Une des expressions du livre qui reflète bien le caractère particulier de la bisexualité est l’idée de métissage sexuel. Comme les métis raciaux, les bisexuel-les se retrouvent entre deux mondes, qui veulent les limiter de façon binaire, les soupçonnent de trahison et les imaginent perdu-es. Tout comme une personne métisse est souvent confrontée à devoir choisir un camp ou un autre (ce qui n’a aucun sens), une bisexuelle est soit taxée d’hétéro instable, soit de lesbienne (ou gay) qui ne s’assume pas.
Nous bisexuelles, ne sommes pas perdues, nous ne sommes pas des lesbiennes en phase de sortir du placard, nous ne sommes pas dans une « phase », nous ne couchons pas avec des femmes pour divertir les hommes, et nous ne sommes pas non plus complices du système hétéronormatif, machiste et phallocentrique. Nos pratiques et nos subjectivités sont toujouts bisexuelles. Les identifier comme lesbiennes, gays ou hétérosexuelles, ça veut dire ne pas être capable de sortir de la binarité et du monosexisme. »

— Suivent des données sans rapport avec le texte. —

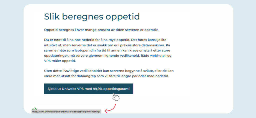 For å sjekke om lenken er trygg eller ikke, kan du holde musepekeren over lenken uten å trykke. Da vil det dukke opp en liten forhåndsvisning, ofte som en boks ved musepekeren, eller nederst i et hjørne på nettleseren din. For å bli kjent med din egen enhet, kan du holde musepekeren over denne knappen, som fører til vår forside. Forhåndsvisningen av denne knappen skal vise https://www.uniweb.no.

Bisexualités Féministes, Daniela Portas
« Bisexualités Féministes », pour être enfin « bi-sibles »
Le manque de considération de la fluidité bisexuelle la rend invisible aux yeux de la société. Le regard réducteur porté sur les pratiques bisexuelles rend également difficile l’outing bi. Si une femme bisexuelle polyamoureuse est avec un homme, qu’elle est en relation monogame longue durée avec une lesbienne, ou qu’elle est célibataire, sa bisexualité n’est pas moins valide.
La société pense qu’on navigue entre le fait d’être hétéros/hétéras et de ne pas l’être, alors qu’en réalité, on n’est ni hétéros/hétéras ni tortas.
Bisexualités Féministes, Lucas Guttiérez
Notre désir n’est pas hétérosexuel, il ne dépend pas des personnes avec qui nous relationnons : il circule indépendamment du genre de nos amant-es et c’est aussi pour ça qu’on ne parle pas de génitalité. »
Heureusement, de plus en plus de militantes s’organisent pour former un réseau bi-pan francophone. On peut citer : Bi Pan Paris, Bi Pan Bruxelles, Bi Pan Nancy, le Front d’Action Bisexuel, Le Bistro de Tours, Bi’Cause et les Bisextiles. Ces organismes permettent aux personnes bisexuelles d’avoir leurs espaces d’échanges, de gagner en visibilité et de célébrer la « biphorie » (euphorie bi) !
Même dans les espaces féministes et queer, la littérature bisexuelle est quasi inexistante. Ainsi, Bisexualités Féministes est une ressource essentielle et précieuse pour tous-tes. Pour un livre au style académique, la lecture reste assez accessible et surtout très pertinente pour qui souhaite approfondir son approche théorique de la bisexualité.